**INSTRUCTIONS FOR THE TASK**
Starting at the line that contains "Серьги из красного", copy every line to the end of the material below exactly, and omit the pictures.

**SUPPLIED DATA**
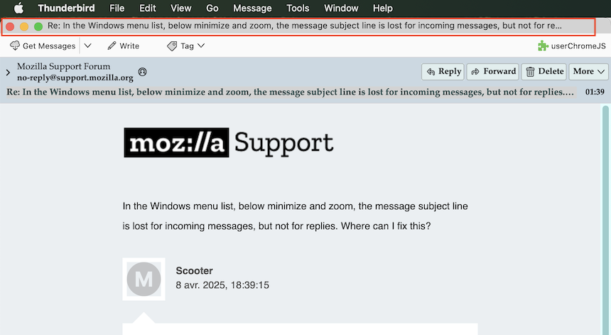 In the Thunderbird windows menu list, below minimize and zoom, the message subject line is lost (says "Mozilla Thunderbird" only) for incoming messages, but not for replies. Where can I fix this? --- Using Thunderbird Desktop Version 128.8.1esr on MacBook Air M2 with MacOS Monterey 12.5
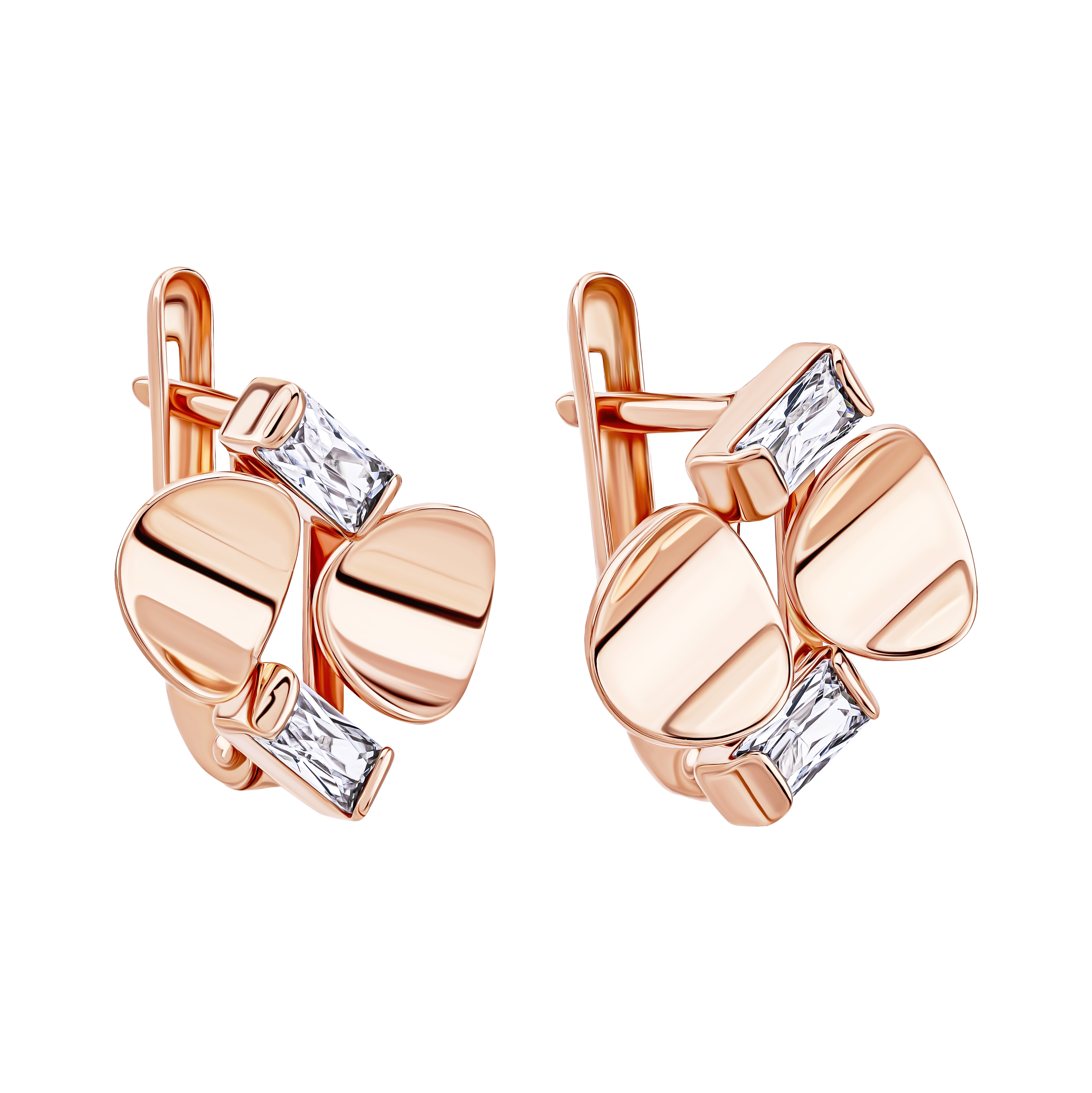 Серьги из красного золота "Геометрия" с фианитами - 2098256
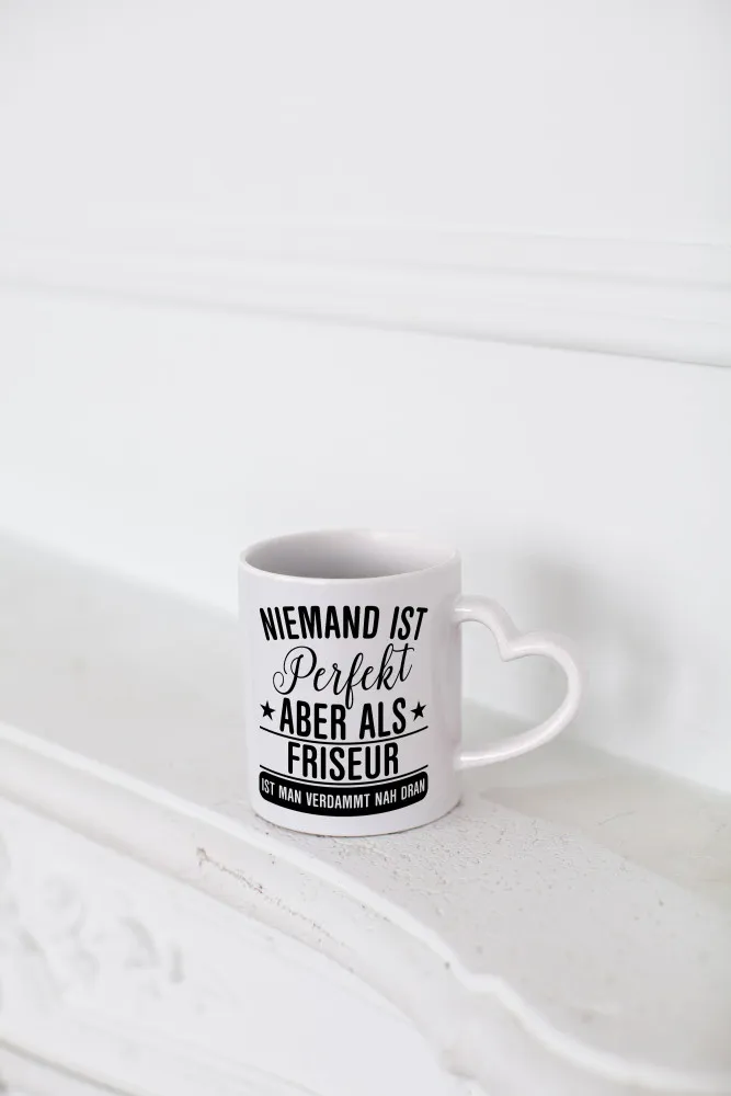 Verdammt nah dran: Friseur | Frisör – Herzhenkel Tasse – Kaffeetasse / Geschenk / Familie

**TASK RESPONSE**
 Серьги из красного золота "Геометрия" с фианитами - 2098256
 Verdammt nah dran: Friseur | Frisör – Herzhenkel Tasse – Kaffeetasse / Geschenk / Familie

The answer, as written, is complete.